→ What the task asks: Nothing but the lines from the first line of the records below to the line holding "Moderne elegante schwarze" belongs in the answer, copied exactly and without pictures.

(Records from a dataset)
■ ■ ■ ■ ■

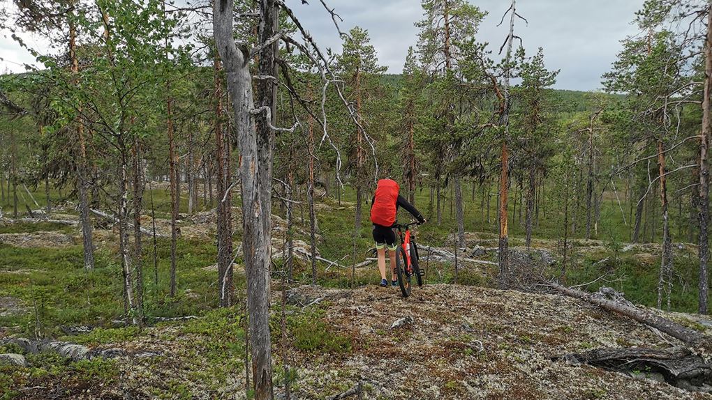 Efter lunchen cyklade vi vidare, fick ta upp och kolla på kartan då och då för att inte missa där vi skulle vika upp till berget. Tids nog hade vi cyklat tillräckligt långt för att lämna av cyklarna och ryggsäckarna och ta oss uppför Erik-Larsaberget till fots. Först över en liten myr där skorna blev blöta och sen bar det av uppför.
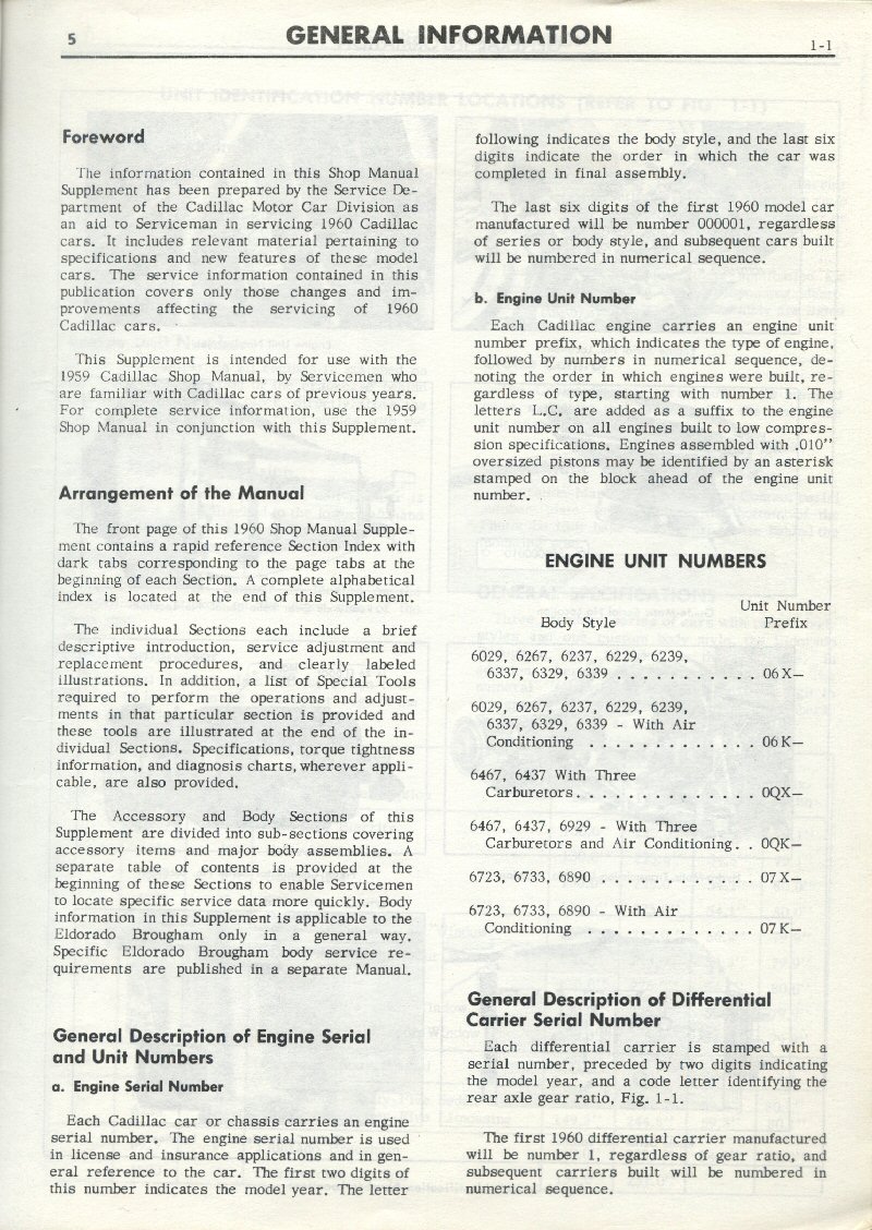 Cadillac » Shop Manual » 1960 Supplement » General Information » 1-1 |
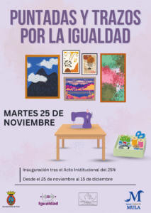 Entre los actos centrales destacan la Caminata contra la Violencia de Género, el acto institucional del 25 de noviembre con lectura del manifiesto y la inauguración de la exposición “Puntadas y trazos por la igualdad”, elaborada por la Asociación del Centro de la Mujer.
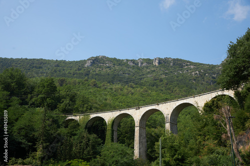 © Роман Мельник, Fototapeta premium old brick bridge viaduct in the woods
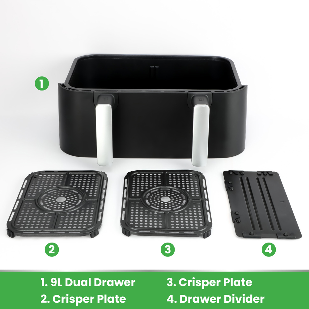 Prepare your favourite fried meals with the Hamilton Beach Visioncook Dual Air Fryer. It needs just a teaspoon of oil for healthy cooking so there's no need to feel guilty. This 9L fryer can be divided into two 4.5L zones for preparing convenient family meals and you can sync both zones to automatically finish cooking at the same time. It also features Vortex technology due to which you can cook food up to 25% faster using as little as a teaspoon of oil. You can choose from ten different pre-sets for preparing the food of your choice. This air fryer is both convenient and safe as it provides hassle-free air frying at a faster rate with its automatic settings alignment for streamlined cooking.
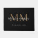 Moderne elegante schwarze Gold neu verheiratete Monogram Name Initial Script Doormat. Personalisieren Sie Ihre Monogrammnamen, -initialen und -datum. Perfekte Wohngestaltung Geschenkidee für Neuvermählte.
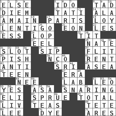 ACROSS 1. Otherwise 5. Wedding promise 8. Bit 11. South Vietnam president (1954) 12. Jacques of French films 14. In the manner of 15. At full speed 17. Pieces 18. Myrna of the movies 19. Small, flat, pigmented spot on the skin 21. Age 22. French article 23. Curvy letter 24. Chop off 25. Teat (slang) 27. Snakelike fish 28. Nathan's nickname 31. Notch 35. Small drink 37. Secret move to avoid paying debts 38. Expression of disdain 39. Non-commissioned officer (abbr.) 41. Monthly bill 42. Opposed to 43. _ Lanka 45. At sea 46. Adolescent 47. Period 49. Born 51. Experiment locale 52. Lion 55. Consenting reply 57. White ___ sheet 60. Catching in a trap 62. Biblical high priest 63. Upset 65. Add up to 66. 54 in ancient Rome 67. Afternoon social gatherings 68. Wig 69. Area sheltered from the wind 70. Color 71. Ancient Greek god of war DOWN 1. Peak District village in England 2. Citrus fruits 3. Seines 4. Give off 5. Call ___ day 6. Have the gumption 7. "Beetle Bailey" pooch 8. Baron Munchausen's specialties 9. _ vera 10. 24-hour periods 13. Is not 16. Mediterranean tributary 17. Cotton for raincoats, e.g. 20. Leaves 26. Kind of red light 29. Prong on a fork 30. Singer James 31. Argument over a trivial matter 32. Actor's bit 33. Clearly or manifestly demonstrative 34. One or ones belonging to thee 36. Personal Computers (abbr.) 40. Threatening words 44. SW Asia republic 48. Blind as ____ 50. 90 degrees 52. 61 cubic inches 53. Related on the mother's side 54. Stares 55. Shout 56. Writer Wiesel 58. Moved rapidly 59. Like ___ of sunshine 61. Round or rotation of duties 64. Purpose
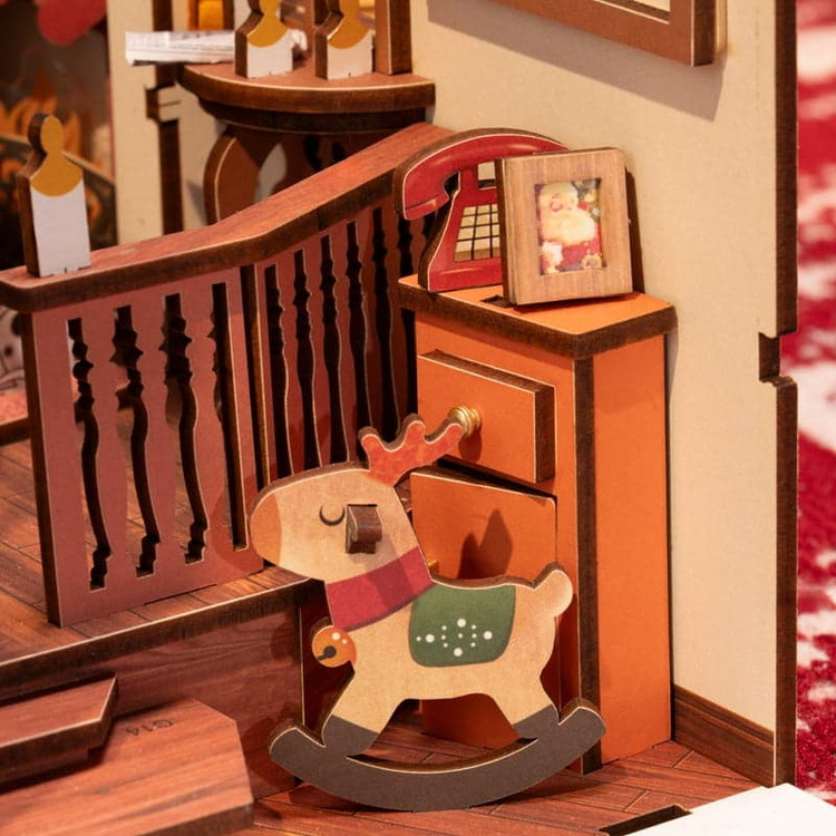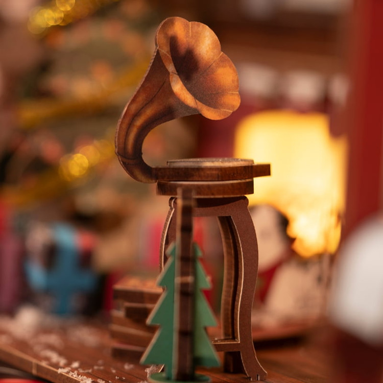 صحنهی اصلی این مدل، یک اتاق نشیمن راحت و پرجزئیات است. در مرکز اتاق، درخت کریسمس با چراغها و روبانهای رنگی تزئین شده و کادوهای پیچیدهشده با کاغذهای براق زیر آن چیده شدهاند. کنار شومینهی روشن، جورابهای کریسمسی منتظر هدیههای بابانوئل هستند و روی طاقچه، تزئینات کوچک و فرشتههای کوچک قرار گرفتهاند. یک گرامافون قدیمی در گوشه اتاق قرار دارد و سگی که روی زمین دراز کشیده و انگار با دقت به موسیقی گوش میدهد. قفسهی کتاب، پنجرهی بزرگ و پردهها، فضا را به یک نشیمن واقعی و زنده نزدیک میکنند.

■ ■ ■ ■ ■

→ Answer to the problem:
 Efter lunchen cyklade vi vidare, fick ta upp och kolla på kartan då och då för att inte missa där vi skulle vika upp till berget. Tids nog hade vi cyklat tillräckligt långt för att lämna av cyklarna och ryggsäckarna och ta oss uppför Erik-Larsaberget till fots. Först över en liten myr där skorna blev blöta och sen bar det av uppför.
 Cadillac » Shop Manual » 1960 Supplement » General Information » 1-1 |
 Entre los actos centrales destacan la Caminata contra la Violencia de Género, el acto institucional del 25 de noviembre con lectura del manifiesto y la inauguración de la exposición “Puntadas y trazos por la igualdad”, elaborada por la Asociación del Centro de la Mujer.
 © Роман Мельник, Fototapeta premium old brick bridge viaduct in the woods
 Prepare your favourite fried meals with the Hamilton Beach Visioncook Dual Air Fryer. It needs just a teaspoon of oil for healthy cooking so there's no need to feel guilty. This 9L fryer can be divided into two 4.5L zones for preparing convenient family meals and you can sync both zones to automatically finish cooking at the same time. It also features Vortex technology due to which you can cook food up to 25% faster using as little as a teaspoon of oil. You can choose from ten different pre-sets for preparing the food of your choice. This air fryer is both convenient and safe as it provides hassle-free air frying at a faster rate with its automatic settings alignment for streamlined cooking.
 Moderne elegante schwarze Gold neu verheiratete Monogram Name Initial Script Doormat. Personalisieren Sie Ihre Monogrammnamen, -initialen und -datum. Perfekte Wohngestaltung Geschenkidee für Neuvermählte.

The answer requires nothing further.